- **PROBLEM DETAILS**: In the data below, find the line containing "This Evelyne is" and the line containing "Striped Sleeves V-Neck Shirt Ecru", then reproduce them and every line between, exactly. Omit pictures.

___ MATERIAL PROVIDED

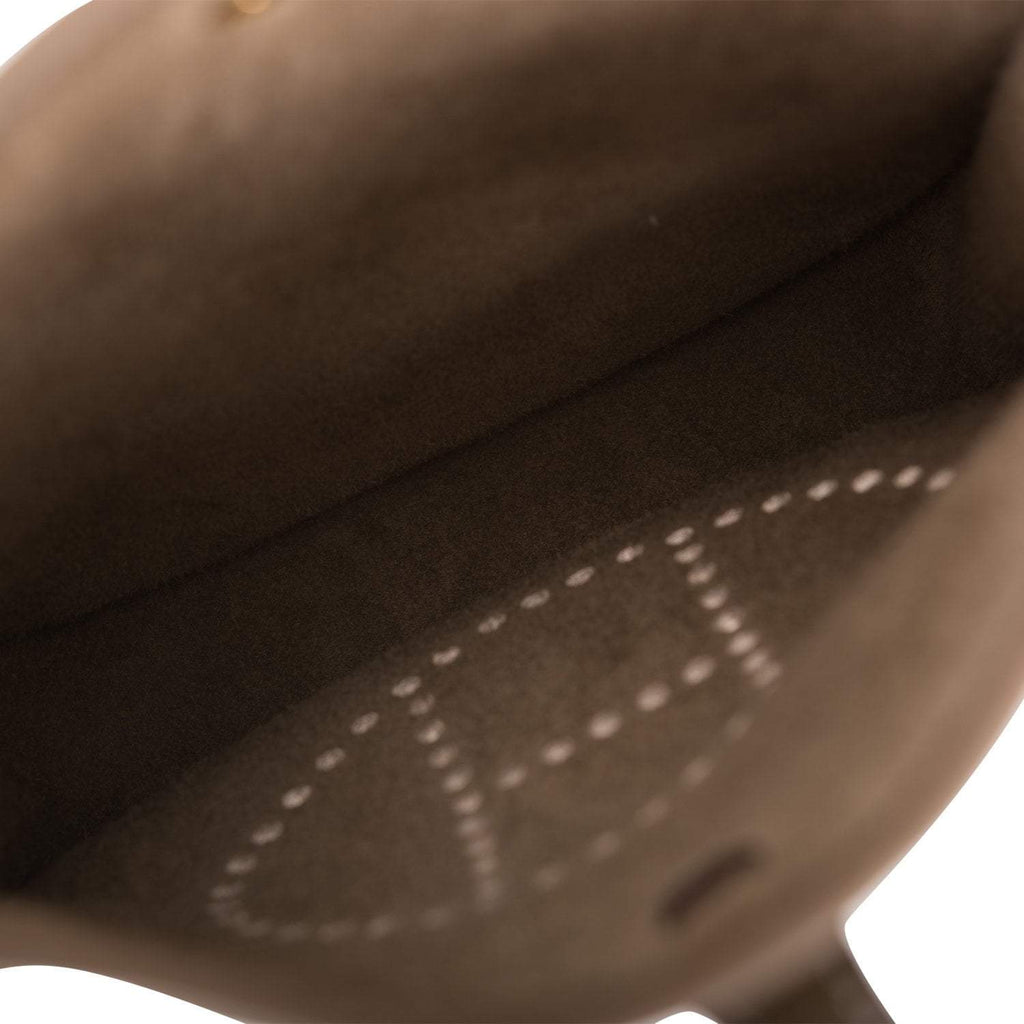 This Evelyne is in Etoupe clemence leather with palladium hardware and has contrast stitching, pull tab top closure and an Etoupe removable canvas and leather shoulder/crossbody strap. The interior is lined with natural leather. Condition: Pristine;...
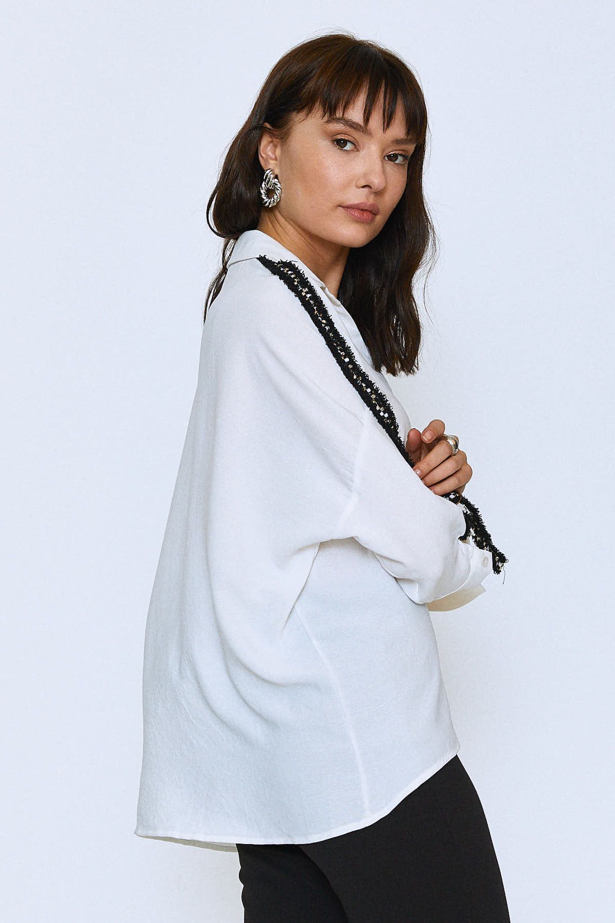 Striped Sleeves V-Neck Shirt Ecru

______
___ MATERIAL PROVIDED

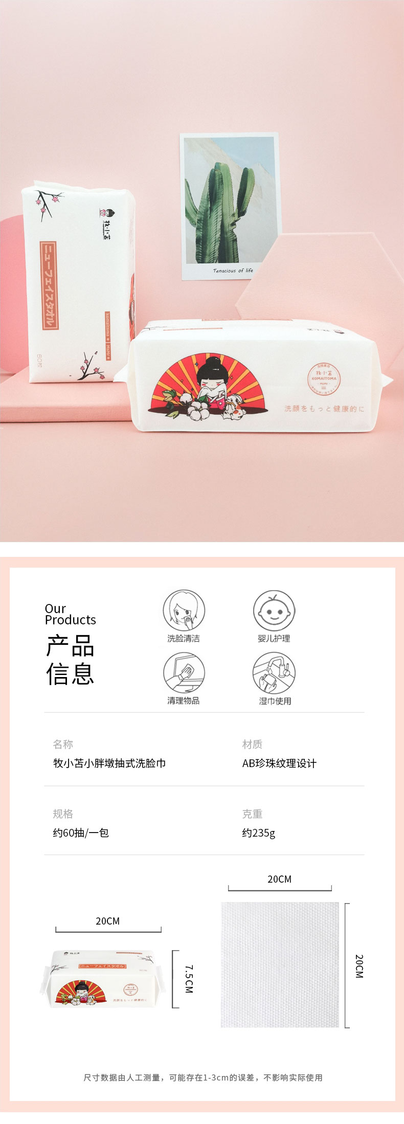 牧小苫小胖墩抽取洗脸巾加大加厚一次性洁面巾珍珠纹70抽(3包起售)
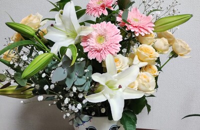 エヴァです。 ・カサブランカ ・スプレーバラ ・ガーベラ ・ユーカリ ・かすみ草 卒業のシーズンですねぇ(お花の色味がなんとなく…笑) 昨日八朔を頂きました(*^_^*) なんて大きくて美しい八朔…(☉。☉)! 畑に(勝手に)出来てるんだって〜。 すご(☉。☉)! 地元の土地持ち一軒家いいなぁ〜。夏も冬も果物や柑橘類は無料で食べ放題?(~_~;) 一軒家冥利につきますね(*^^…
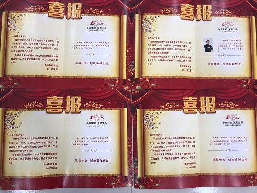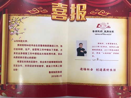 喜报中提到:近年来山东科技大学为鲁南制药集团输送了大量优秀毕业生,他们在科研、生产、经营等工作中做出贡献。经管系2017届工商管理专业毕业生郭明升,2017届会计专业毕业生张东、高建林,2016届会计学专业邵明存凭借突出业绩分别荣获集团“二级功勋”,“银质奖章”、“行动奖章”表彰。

______
___ MATERIAL PROVIDED

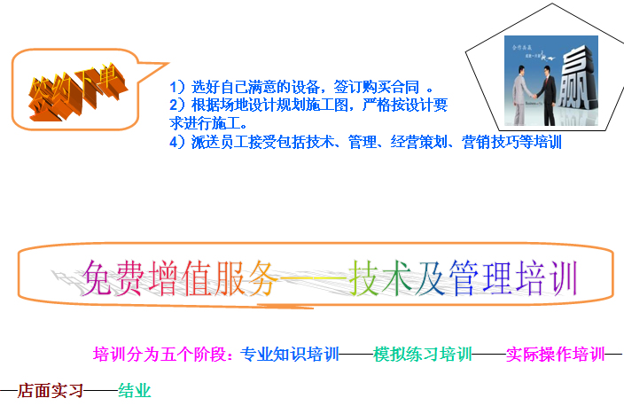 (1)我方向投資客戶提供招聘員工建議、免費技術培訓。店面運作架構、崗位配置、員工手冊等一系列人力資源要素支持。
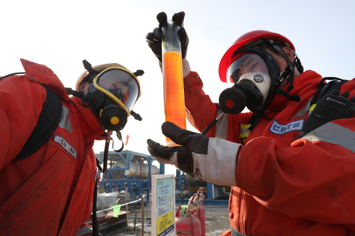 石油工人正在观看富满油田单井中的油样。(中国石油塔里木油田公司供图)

______

- **SOLVED PROBLEM**:
 This Evelyne is in Etoupe clemence leather with palladium hardware and has contrast stitching, pull tab top closure and an Etoupe removable canvas and leather shoulder/crossbody strap. The interior is lined with natural leather. Condition: Pristine;...
 Striped Sleeves V-Neck Shirt Ecru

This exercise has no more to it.